In line with this, interventions that change the population of mosquitoes, such as spraying with insecticides, manipulating the environment, or releasing genetically modified mosquitoes, can indirectly affect serotype dynamics. These strategies can alter the relative transmission success of alternative DENV serotypes and could affect outbreak patterns. Indicatively, Wolbachia-infected Ae. aegypti are less competent to DENV-1 and DENV-2, which may selectively change the serotype distribution in areas where releases are performed [48].

5.3. Viral Evolution and Genetic Diversity

Most ribonucleic acid (RNA) viruses, including DENVs, have high mutation rates since the RNA polymerase of the virus lacks proofreading activity. This constant production of mutations generates significant genetic diversity within and among serotypes, which is the raw material of evolutionary change and contributor to serotype shift [49]. Among serotypes, distinct genotypes may evolve, and sometimes with different transmission efficiency, virulence or epidemiological fitness. This allows one lineage to outcompete another in case of a change in ecological or immunological conditions.
The most pronounced aspect of DENV evolution is the purifying selection, which is predominant throughout the viral genome. This is a process of evolution whereby unhealthy mutations will be eliminated in the population. Moreover, the frequency of synonymous mutations is much higher than that of nonsynonymous mutations. This indicates strong constraints on the amino acid substitutions tolerated to preserve functional proteins during alternating replication in mosquitoes and humans. Comparative studies of DENV-2 have presented lineage-specific selection pressures, especially in the E gene, demonstrating the heterogeneous nature of viral adaptation across geographies and time [50].
Adaptive evolution takes place in major antigenic areas, again targeting the E protein, with mutations having the potential to diminish recognition through neutralization of antibodies. These immune-escape mutations are a selective advantage in those populations with already existing immunity, allowing other serotypes that have previously been only minor serotypes to emerge. At the same time, amino acid changes in DENV-2 E proteins have been reported in studies in Vietnam, coinciding with the increase of these serotypes during epidemic cycles, with a direct correlation between immune-mediated evolution and serotype shifts [51].
Stochastic processes also influence viral evolution and serotype shifts. Intrinsic fitness is irrelevant since random events can have an effect on the persistence or dominance of the viral lineages obtained. For instance, genetic drift may lead to changes in the allele frequencies of small viral populations at early outbreak seeding or seasonal population decreases. Population bottlenecks in mosquitoes, in which only a subset of ingested viral particles become infectious and are transmitted to the salivary glands, can dramatically alter the number of viruses transmitted [41]. The introduction of a new serotype through travel or migration can result in founder effects, even in human populations that may not be more fit than the local strains. Additionally, temporal windows of increased susceptibility to chance spread of certain variants are caused by seasonal changes in the populations of vectors and hosts [52]. These random forces work together with selection. That is, a profitable mutation might not be able to establish itself, whereas a neutral or even less fit variant may gain prevalence.
The complex interaction of mechanisms creates serotype shift through a combination of genetic diversity, purifying and adaptive selection, immune-driven evolution, and stochastic processes in the context of changing host immunity. The high mutation rate results in viral variants, and the maintenance of functional stability through purifying selection, along with adaptive mutations, especially those necessary to escape the immune system, will enable one serotype to outcompete the others. The variants that survive are determined by stochastic events, and transient opportunities to grow arise due to changes in host immunity. This suggests that viral evolution, driven by deterministic and probabilistic forces, is necessary to explain the cyclical patterns of serotype predominance observed in endemic regions.

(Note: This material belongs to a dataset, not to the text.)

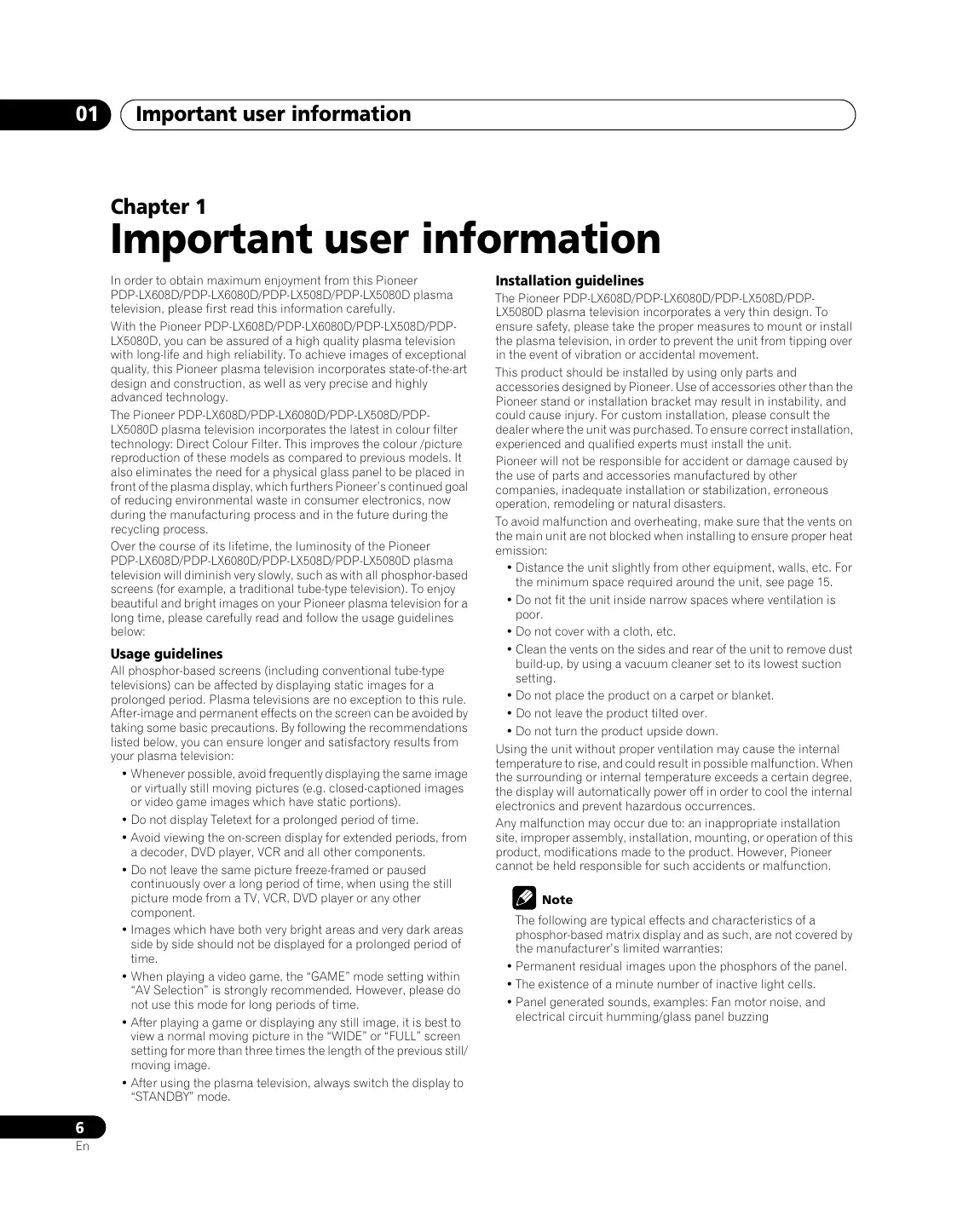 Important user information In order to obtain maximum enjoyment from this Pioneer PDP-LX608D/PDP-LX6080D/PDP-LX508D/PDP-LX5080D plasma television, please first read this information carefully. With the Pioneer PDP-LX608D/PDP-LX6080D/PDP-LX508D/PDPLX5080D, you can be assured of a high quality plasma television with long-life and high reliability. To achieve images of exceptional quality, this Pioneer plasma television incorporates state-of-the-art design and construction, as well as very precise and highly advanced technology. The Pioneer PDP-LX608D/PDP-LX6080D/PDP-LX508D/PDPLX5080D plasma television incorporates the latest in colour filter technology: Direct Colour Filter. This improves the colour /picture reproduction of these models as compared to previous models. It also eliminates the need for a physical glass panel to be placed in front of the plasma display, which furthers Pioneer’s continued goal of reducing environmental waste in consumer electronics, now during the manufacturing process and in the future during the recycling process. Over the course of its lifetime, the luminosity of the Pioneer PDP-LX608D/PDP-LX6080D/PDP-LX508D/PDP-LX5080D plasma television will diminish very slowly, such as with all phosphor-based screens (for example, a traditional tube-type television). To enjoy beautiful and bright images on your Pioneer plasma television for a long time, please carefully read and follow the usage guidelines below:

5.4. Climate Change and Environmental Factors

The environmental conditions are also critical in influencing the ecology and competence of mosquito vectors to shape DENV serotype transmission. The Ae. aegypti and Ae. albopictus are very sensitive to temperature, rainfall, humidity, and wind, which, in combination, determine their development, survival, and ability to transmit [53,54,55]. Higher temperatures promote the development of mosquitoes and enhance survival, with optimum conditions observed in the range of 25–30 °C, thereby increasing transmission efficiency [56,57,58]. On a similar note, rainfall and humidity have a modulating effect on the abundance of vectors. While heavy rainfall and long wet seasons provide breeding habitat for larvae, excessive rainfall can temporarily reduce populations, though it also encourages the development of their breeding habitats. Following this, high humidity increases mosquito longevity by alleviating desiccation stress and maintaining transmission persistence [59,60]. All these factors affect the coexistence of multiple serotypes, intensifying competition and increasing the likelihood of a serotype shift.
In both endemic and previously unaffected areas, climate change, along with land-use change and urbanization, is expanding the geographic and temporal distribution of Aedes mosquitoes, potentially increasing the frequency and duration of dengue transmission [61,62,63,64,65]. These are further enhanced by urban heat islands and poor water management systems, which create a favorable microenvironment that supports the proliferation of vectors.
Although environmental and climatic factors are evident in only moderating the transmission dynamics, their direct role in determining serotype shifts remains more poorly understood. When the environmental conditions are conducive to transmission, herd immunity can be overcome by high vector efficiency [66]. Climate variability, such as the El Niño Southern Oscillation, affects dengue outbreaks by altering the abundance of vectors and reducing the EIP, which may contribute to changes in serotype prevalence [67,68].
The recent outbreaks, including those in Latin America and Mexico, illustrate that period of enhanced transmission, driven by environmental variability, can coincide with shifts in the circulation of serotypes [69]. Still, these associations should be taken with a grain of salt, as they do not prove a direct causal relationship. In general, climate and environmental change can be viewed as modulators of dengue transmission, which may indirectly shape serotype dynamics rather than as direct drivers of serotype shifts.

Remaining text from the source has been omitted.